About this task
Return, word for word, every line starting at the line with "Kenneth William David" and ending at the final line of the entries; skip the pictures.

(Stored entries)
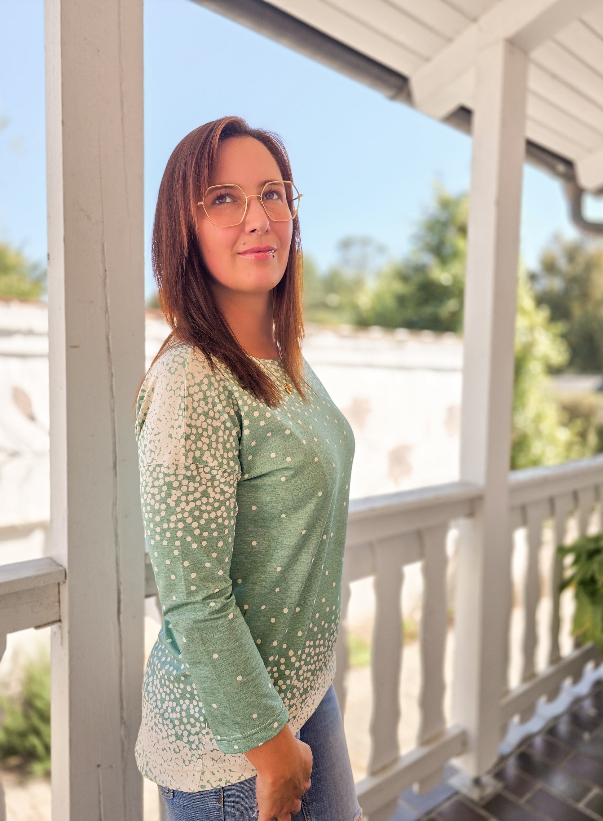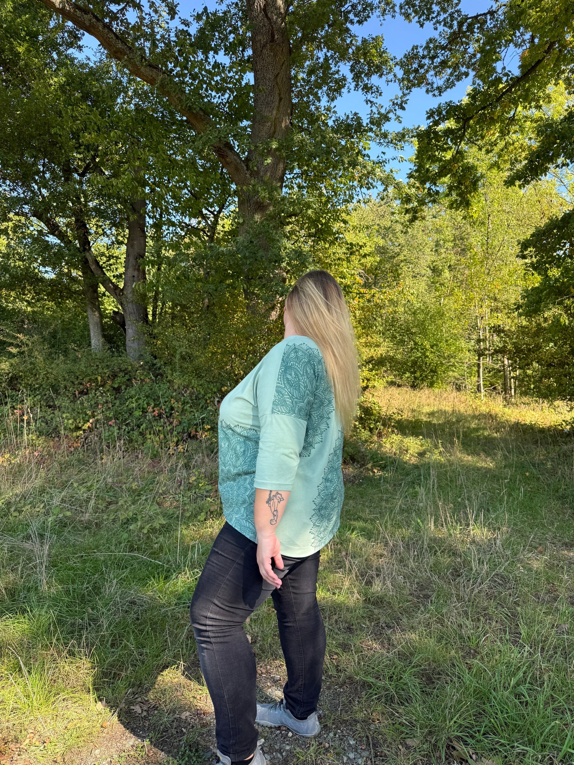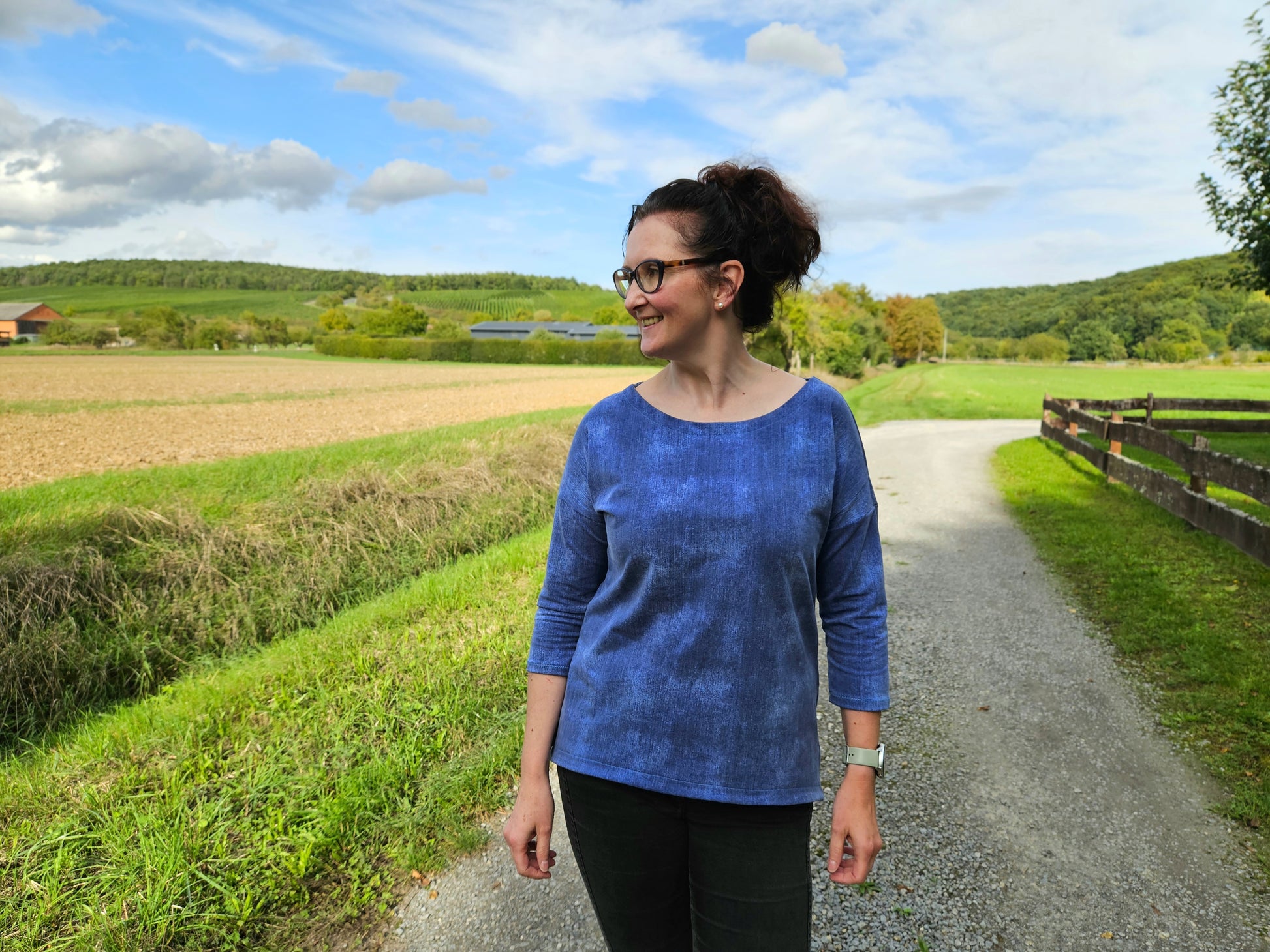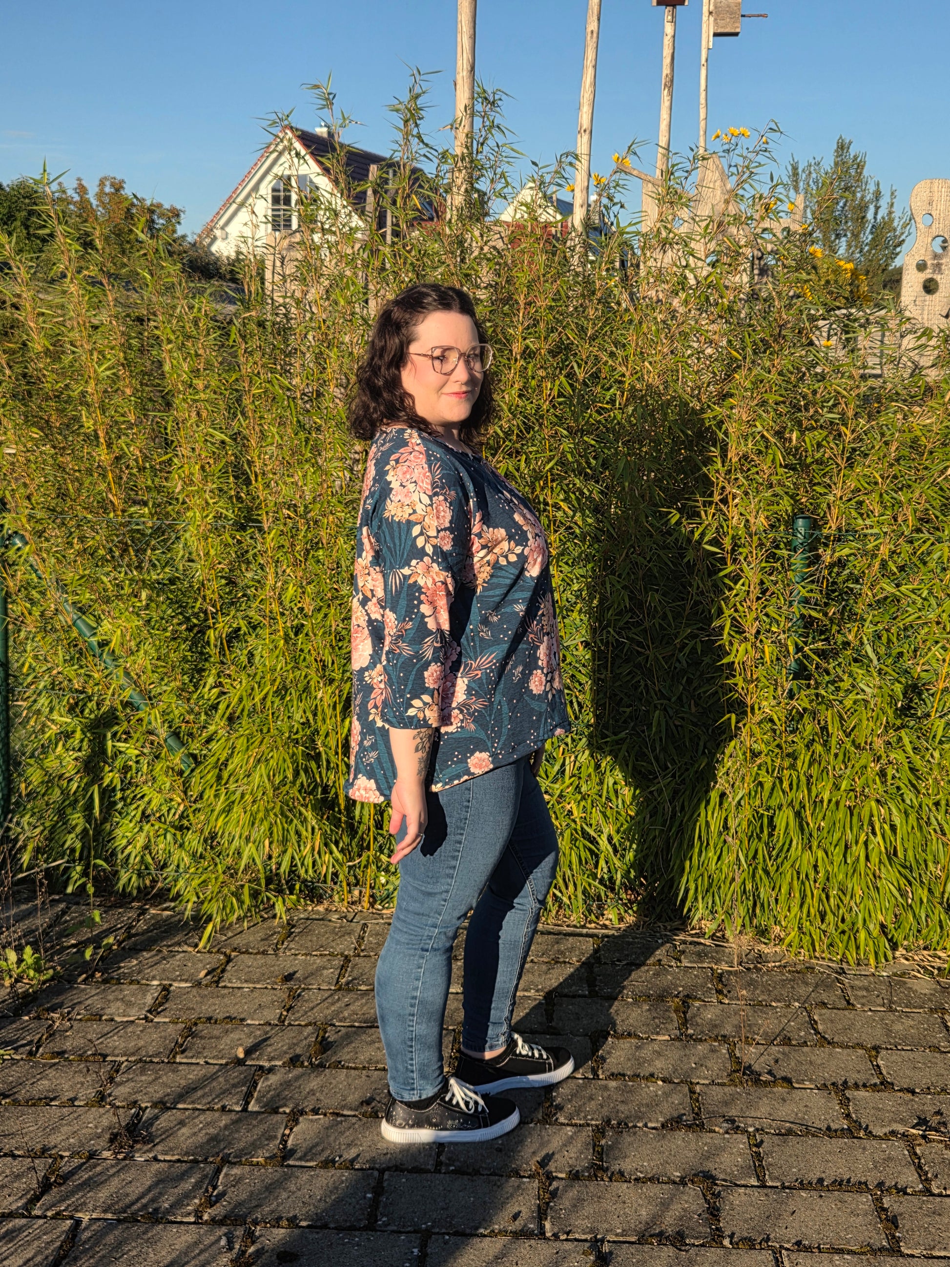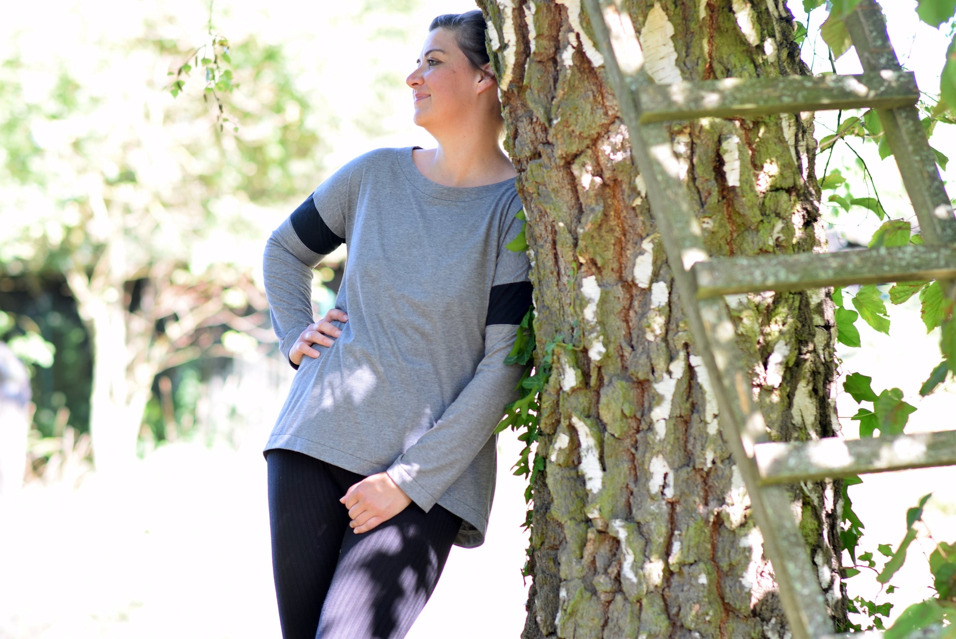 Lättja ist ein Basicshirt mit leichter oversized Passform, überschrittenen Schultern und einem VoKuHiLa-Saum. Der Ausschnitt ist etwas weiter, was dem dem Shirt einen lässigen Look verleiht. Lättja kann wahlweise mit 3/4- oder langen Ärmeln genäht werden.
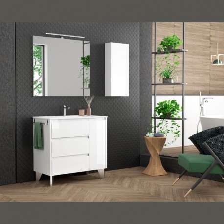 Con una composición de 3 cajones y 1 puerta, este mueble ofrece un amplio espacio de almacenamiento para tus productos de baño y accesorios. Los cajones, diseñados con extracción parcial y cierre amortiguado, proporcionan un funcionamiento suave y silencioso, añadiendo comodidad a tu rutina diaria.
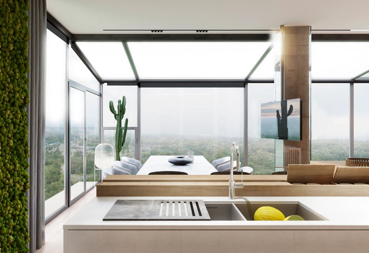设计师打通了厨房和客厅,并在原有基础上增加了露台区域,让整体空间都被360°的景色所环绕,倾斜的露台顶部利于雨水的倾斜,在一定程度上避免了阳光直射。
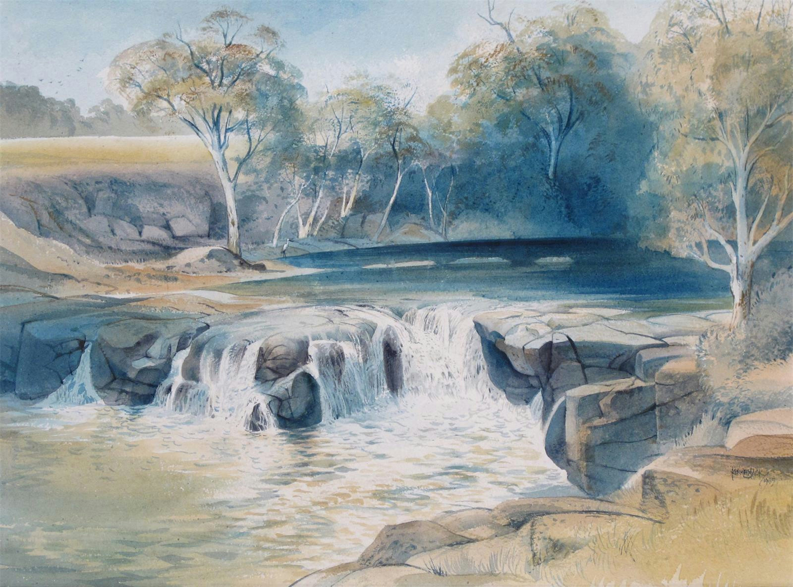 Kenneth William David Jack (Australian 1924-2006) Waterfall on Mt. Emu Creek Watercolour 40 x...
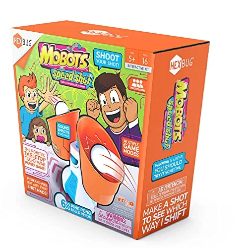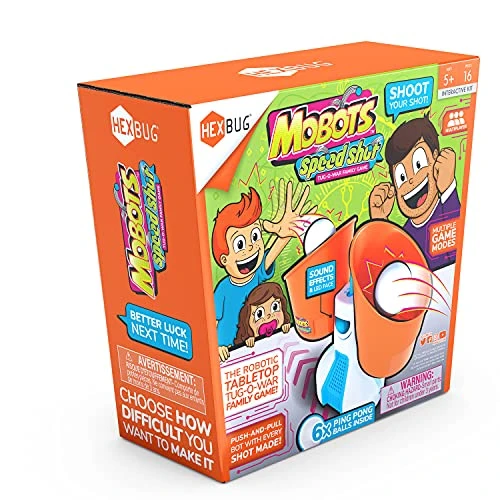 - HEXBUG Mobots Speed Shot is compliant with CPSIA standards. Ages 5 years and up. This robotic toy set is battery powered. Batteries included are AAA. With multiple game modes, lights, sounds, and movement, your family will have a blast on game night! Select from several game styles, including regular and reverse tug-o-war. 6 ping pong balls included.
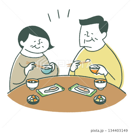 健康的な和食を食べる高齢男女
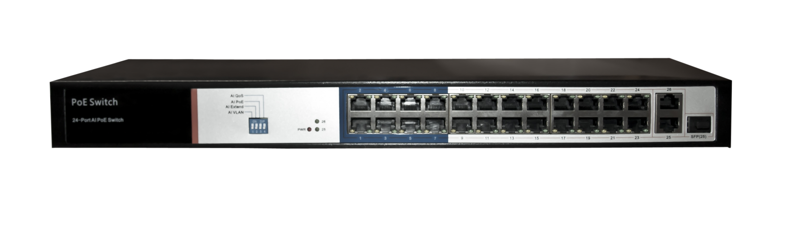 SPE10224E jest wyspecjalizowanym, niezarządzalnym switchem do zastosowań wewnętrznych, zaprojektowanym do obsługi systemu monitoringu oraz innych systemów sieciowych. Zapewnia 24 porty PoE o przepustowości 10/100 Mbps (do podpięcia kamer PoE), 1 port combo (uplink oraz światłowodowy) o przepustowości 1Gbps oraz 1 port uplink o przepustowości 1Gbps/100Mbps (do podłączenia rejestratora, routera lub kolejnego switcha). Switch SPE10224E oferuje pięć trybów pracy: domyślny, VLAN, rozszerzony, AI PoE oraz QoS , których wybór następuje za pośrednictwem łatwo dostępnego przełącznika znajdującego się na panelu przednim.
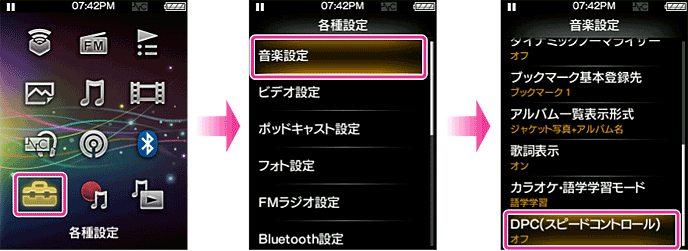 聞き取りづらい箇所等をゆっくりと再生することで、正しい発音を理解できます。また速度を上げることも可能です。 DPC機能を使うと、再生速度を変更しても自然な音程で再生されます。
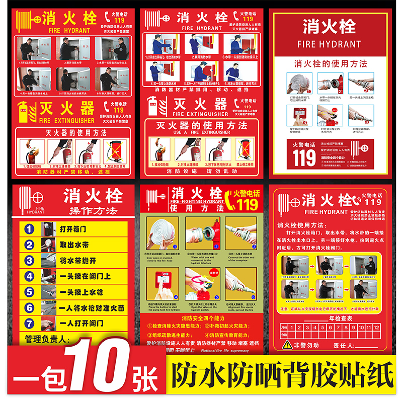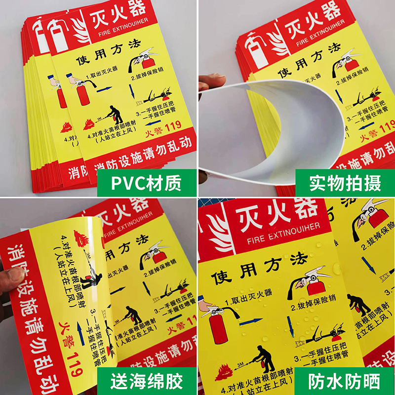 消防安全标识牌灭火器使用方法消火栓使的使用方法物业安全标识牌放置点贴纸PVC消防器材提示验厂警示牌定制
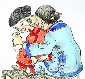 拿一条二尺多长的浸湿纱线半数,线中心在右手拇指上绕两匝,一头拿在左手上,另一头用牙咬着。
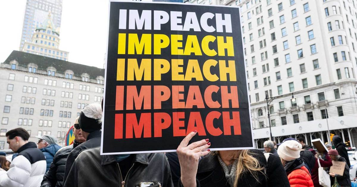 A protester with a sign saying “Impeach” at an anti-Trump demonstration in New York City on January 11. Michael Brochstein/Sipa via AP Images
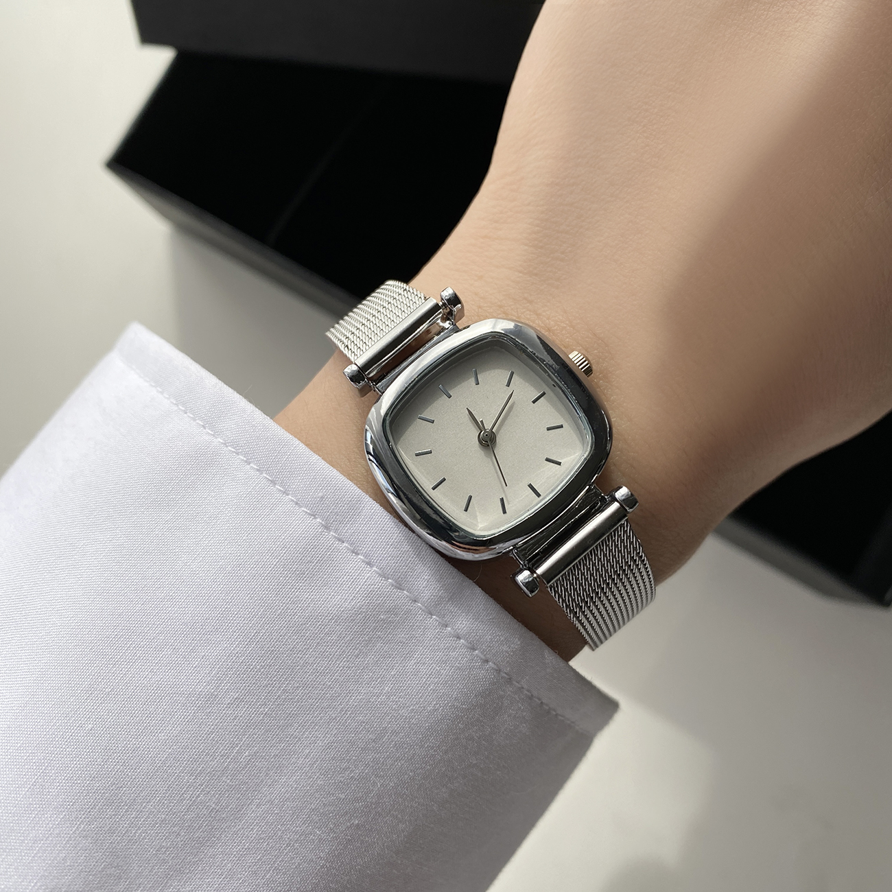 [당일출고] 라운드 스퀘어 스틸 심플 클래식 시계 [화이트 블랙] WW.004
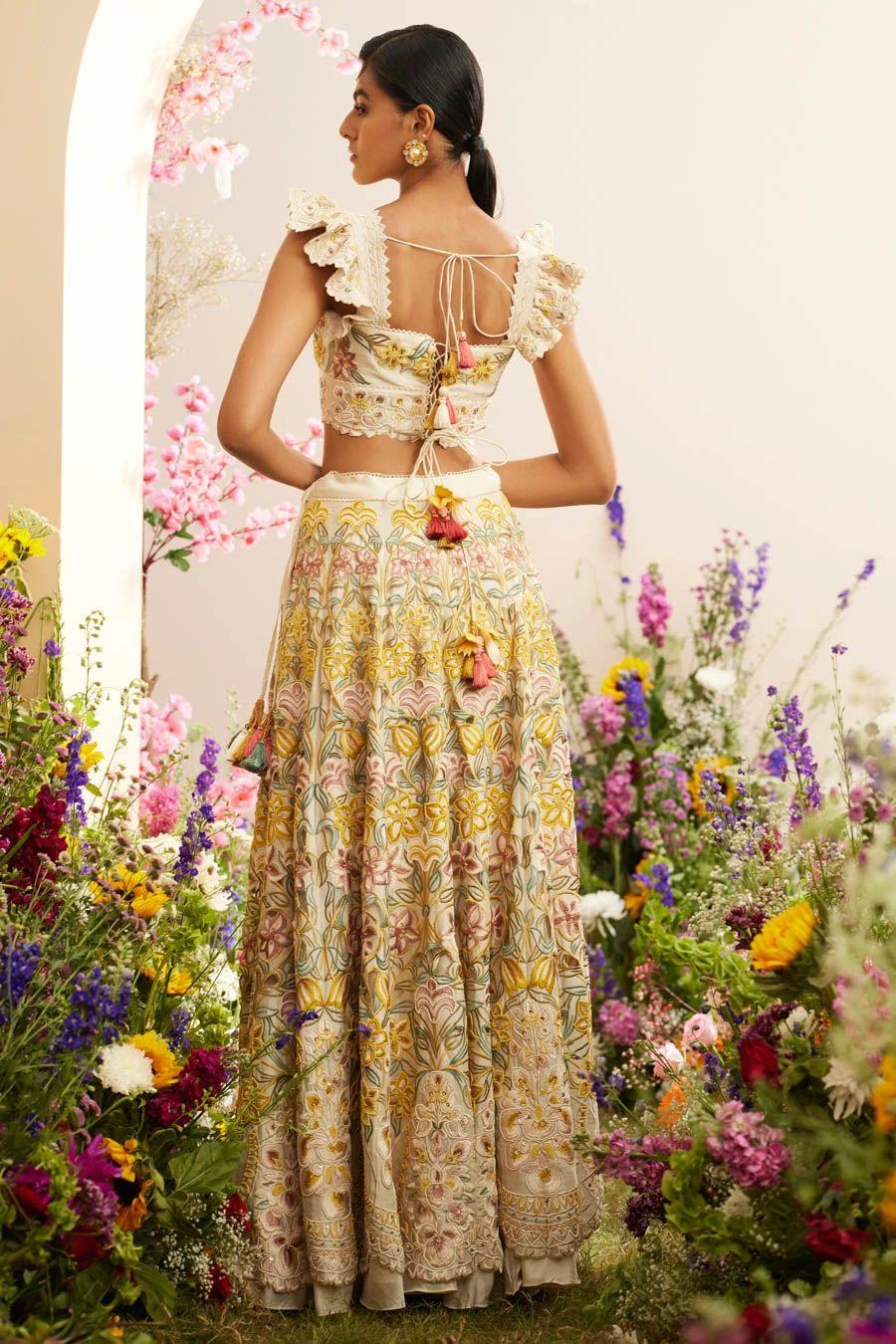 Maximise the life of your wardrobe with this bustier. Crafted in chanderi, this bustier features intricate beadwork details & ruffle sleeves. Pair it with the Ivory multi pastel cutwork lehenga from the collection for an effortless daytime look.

Response
 Kenneth William David Jack (Australian 1924-2006) Waterfall on Mt. Emu Creek Watercolour 40 x...
 - HEXBUG Mobots Speed Shot is compliant with CPSIA standards. Ages 5 years and up. This robotic toy set is battery powered. Batteries included are AAA. With multiple game modes, lights, sounds, and movement, your family will have a blast on game night! Select from several game styles, including regular and reverse tug-o-war. 6 ping pong balls included.
 健康的な和食を食べる高齢男女
 SPE10224E jest wyspecjalizowanym, niezarządzalnym switchem do zastosowań wewnętrznych, zaprojektowanym do obsługi systemu monitoringu oraz innych systemów sieciowych. Zapewnia 24 porty PoE o przepustowości 10/100 Mbps (do podpięcia kamer PoE), 1 port combo (uplink oraz światłowodowy) o przepustowości 1Gbps oraz 1 port uplink o przepustowości 1Gbps/100Mbps (do podłączenia rejestratora, routera lub kolejnego switcha). Switch SPE10224E oferuje pięć trybów pracy: domyślny, VLAN, rozszerzony, AI PoE oraz QoS , których wybór następuje za pośrednictwem łatwo dostępnego przełącznika znajdującego się na panelu przednim.
 聞き取りづらい箇所等をゆっくりと再生することで、正しい発音を理解できます。また速度を上げることも可能です。 DPC機能を使うと、再生速度を変更しても自然な音程で再生されます。
 消防安全标识牌灭火器使用方法消火栓使的使用方法物业安全标识牌放置点贴纸PVC消防器材提示验厂警示牌定制
 拿一条二尺多长的浸湿纱线半数,线中心在右手拇指上绕两匝,一头拿在左手上,另一头用牙咬着。
 A protester with a sign saying “Impeach” at an anti-Trump demonstration in New York City on January 11. Michael Brochstein/Sipa via AP Images
 [당일출고] 라운드 스퀘어 스틸 심플 클래식 시계 [화이트 블랙] WW.004
 Maximise the life of your wardrobe with this bustier. Crafted in chanderi, this bustier features intricate beadwork details & ruffle sleeves. Pair it with the Ivory multi pastel cutwork lehenga from the collection for an effortless daytime look.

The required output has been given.